RECORDED DATA:
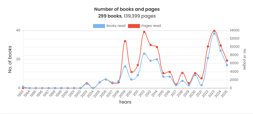 And I mentioned stats, right? Storygraph generates tons of stats about your reading. Here’s a graph of how many books and pages I’ve read:
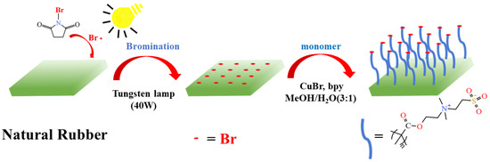 Natural rubber (NR) is an essential material in engineering applications. It is widely used in medical fields due to its high wear and barrier property levels; it is used in supplies such as medical gloves [1,2], condoms [3,4,5], and catheters [6]. The preventative properties of natural rubber latex (NRL) can be applied to manufacture products that isolate pathogens, and NRL is one of the best natural raw materials for biomedical products. However, protein adsorbed on the surface of NR [7] makes it easy for bacteria to contaminate the surface of the material. The adsorption of non-specific proteins, such as via the blockage of the filter membrane during a biological separation procedure or blood clotting in an infusion catheter, can cause potential harm. The initial formation of biological scale and blood clots takes place in the stage of the rapid adsorption of proteins at the molecular level on the surface of an NR material. The development of anti-protein-adsorption NR materials can prevent bacterial adsorption and other biological fouling phenomena in the procedure of the adsorption of biological macromolecules at the solid–liquid interface. Various pathogenic bacteria also harm the health of patients receiving medical treatment. Although the antibacterial properties of natural rubber can be realized through the use of doping and blending certain fillers [8,9,10], an active surface is difficult to maintain in the long term. The modification of antibacterial active molecules on the surface of a substrate can confer long-term antibacterial activity, but there are few studies on the fixation of antibacterial active molecules on the surface of an NR substrate [11]. Grafting antibacterial molecules [12,13] onto the surface of NR directly is a potential way of preparing NRL medical products, but it is difficult to obtain a high-density antibacterial layer on the surface of NR.
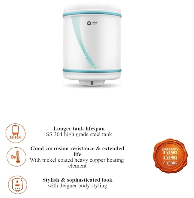 The Orient Electric Ecoswift Water Heater is designed for ultimate performance and durability. With a robust metal body and a generous 10-liter capacity, this electric storage water heater ensures you have ample hot water for your daily needs, whether it’s for a relaxing bath or a quick shower. Featuring advanced heating technology, it provides quick heating and maintains optimal temperature for long-lasting comfort. The sleek design complements any bathroom decor, while safety features like a multi-layered safety system give you peace of mind. Enjoy the perfect balance of efficiency and style with the Orient Electric Ecoswift!
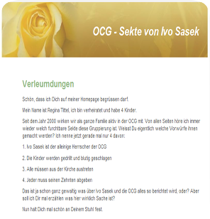 Hallo und herzlich willkommen auf meiner Homepage! Du bist genau richtig hier, um über obige Vorwürfe die Wahrheit zu erfahren. Mein Name ist Bernd Tittel, und ich bin seit dem Jahr 2000 "gefangen" in dieser herrlichen Sekte namens OCG. Ich kenne Ivo Sasek, den angeblichen Kinderprügler, Kinderschänder und hochgefährlichen Sektierer persönlich sehr gut. Ist es doch Ivo Sasek, der mich aus einem gesetzlichen, buchstabenabhängigen Christsein befreit hat.

TASK OBJECTIVE:
Restate the whole listing exactly as written, minus the pictures.

ANSWER FOR THE TASK:
 And I mentioned stats, right? Storygraph generates tons of stats about your reading. Here’s a graph of how many books and pages I’ve read:
 Natural rubber (NR) is an essential material in engineering applications. It is widely used in medical fields due to its high wear and barrier property levels; it is used in supplies such as medical gloves [1,2], condoms [3,4,5], and catheters [6]. The preventative properties of natural rubber latex (NRL) can be applied to manufacture products that isolate pathogens, and NRL is one of the best natural raw materials for biomedical products. However, protein adsorbed on the surface of NR [7] makes it easy for bacteria to contaminate the surface of the material. The adsorption of non-specific proteins, such as via the blockage of the filter membrane during a biological separation procedure or blood clotting in an infusion catheter, can cause potential harm. The initial formation of biological scale and blood clots takes place in the stage of the rapid adsorption of proteins at the molecular level on the surface of an NR material. The development of anti-protein-adsorption NR materials can prevent bacterial adsorption and other biological fouling phenomena in the procedure of the adsorption of biological macromolecules at the solid–liquid interface. Various pathogenic bacteria also harm the health of patients receiving medical treatment. Although the antibacterial properties of natural rubber can be realized through the use of doping and blending certain fillers [8,9,10], an active surface is difficult to maintain in the long term. The modification of antibacterial active molecules on the surface of a substrate can confer long-term antibacterial activity, but there are few studies on the fixation of antibacterial active molecules on the surface of an NR substrate [11]. Grafting antibacterial molecules [12,13] onto the surface of NR directly is a potential way of preparing NRL medical products, but it is difficult to obtain a high-density antibacterial layer on the surface of NR.
 The Orient Electric Ecoswift Water Heater is designed for ultimate performance and durability. With a robust metal body and a generous 10-liter capacity, this electric storage water heater ensures you have ample hot water for your daily needs, whether it’s for a relaxing bath or a quick shower. Featuring advanced heating technology, it provides quick heating and maintains optimal temperature for long-lasting comfort. The sleek design complements any bathroom decor, while safety features like a multi-layered safety system give you peace of mind. Enjoy the perfect balance of efficiency and style with the Orient Electric Ecoswift!
 Hallo und herzlich willkommen auf meiner Homepage! Du bist genau richtig hier, um über obige Vorwürfe die Wahrheit zu erfahren. Mein Name ist Bernd Tittel, und ich bin seit dem Jahr 2000 "gefangen" in dieser herrlichen Sekte namens OCG. Ich kenne Ivo Sasek, den angeblichen Kinderprügler, Kinderschänder und hochgefährlichen Sektierer persönlich sehr gut. Ist es doch Ivo Sasek, der mich aus einem gesetzlichen, buchstabenabhängigen Christsein befreit hat.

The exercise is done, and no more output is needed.